Notre message était clair et la doléance de report de la hausse du SMIG des secteurs fortement impactés était légitime : «priorisons le maintien des emplois et opérons la hausse du SMIG après la crise».
Rappelons que le secteur privé a honoré, dans les délais, l’ensemble de ses engagements prévus dans l’accord social du 15 avril 2019 et attend toujours que l’Etat honore ses engagements, notamment en ce qui concerne l’amendement du code du travail et la programmation du projet de loi organique qui réglemente le droit de grève au sein du Parlement.
Les politiques actives de revenus ne peuvent pas trouver d’existence en situation de crise économique au moment où l’entreprise n’a plus assez de revenus, et ne peuvent se limiter à une augmentation de 5% du SMIG si on veut vraiment booster l’économie marocaine.
F.N.H : Aujourd'hui, peut-on dire que la préférence nationale défendue par la CGEM est une réalité et non un slogan dans le domaine de la commande publique au Maroc ?

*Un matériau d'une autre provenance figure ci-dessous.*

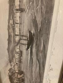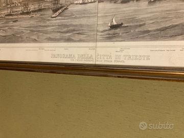Copia integra e incorniciata della litografia "Panorama della Città di Trieste con i nuovi fabbricati della strada ferrata", La veduta comprende tutto il golfo da Punta Grignano a sinistra, passando per monte S. Severo, il molo del sale, fino alla Torre del Fanale e Pirano a destra. Dimensioni 200x40 cm circa

K.T : La préférence nationale est l’un des principaux leviers de relance de notre économie.
Malheureusement, cette mesure indispensable pour développer une offre Maroc compétitive n’est pas encore actée de manière effective.
Sa mise en œuvre requiert un soubassement réglementaire et juridique que les textes en vigueur existants ne prévoient pas, à savoir le décret n°2-12-349 relatif aux marchés publics qui n’exige l’application de préférence nationale que pour les collectivités territoriales et les Administrations de l’État, alors que la majeure partie de la commande publique émane des entreprises et établissements publics (EEP).
À ce titre, la CGEM a recommandé d’exiger les règles de l’article 155 à l’ensemble des donneurs d’ordres publics tels que les EEP ou d’actualiser les règlements de passation des marchés de ces EEP en généralisant l’application de la préférence nationale à tout type de marchés, que ce soit en matière de fournitures, de travaux et de services.
F.N.H : Enfin, selon vous, quels sont les écueils à éviter pour permettre au Fonds Mohammed VI pour l'investissement d'atteindre les objectifs escomptés en matière de soutien aux entreprises ?
K.T : Le Fonds Mohammed VI, tel qu’il a été énoncé par Sa Majesté le Roi, que Dieu l’assiste, devrait constituer un vrai levier d’investissement.
Notre tissu économique doit être reboosté, donc quoi de mieux que l’investissement.
Dans la mise en œuvre de ce chantier d’envergure, la CGEM appelle à plus de concertation, puisque qu’il s’agit d’un fonds dédié au financement des grands projets d'investissement dans le cadre de partenariats publics-privés, mais aussi parce qu'il cible les entreprises privées, notamment les TPME.
Il est tout aussi important, de notre point de vue, de mettre en place une procédure d'accès allégée et non contraignante (tickets d’entrée, modalités d’accès, critères d’éligibilité…) pour les entreprises soumissionnaires afin de permettre à une large catégorie d’entreprises de bénéficier de ce fonds en un temps rapide, comme nous suggérons de développer des partenariats avec des fonds d'investissement privés mondiaux.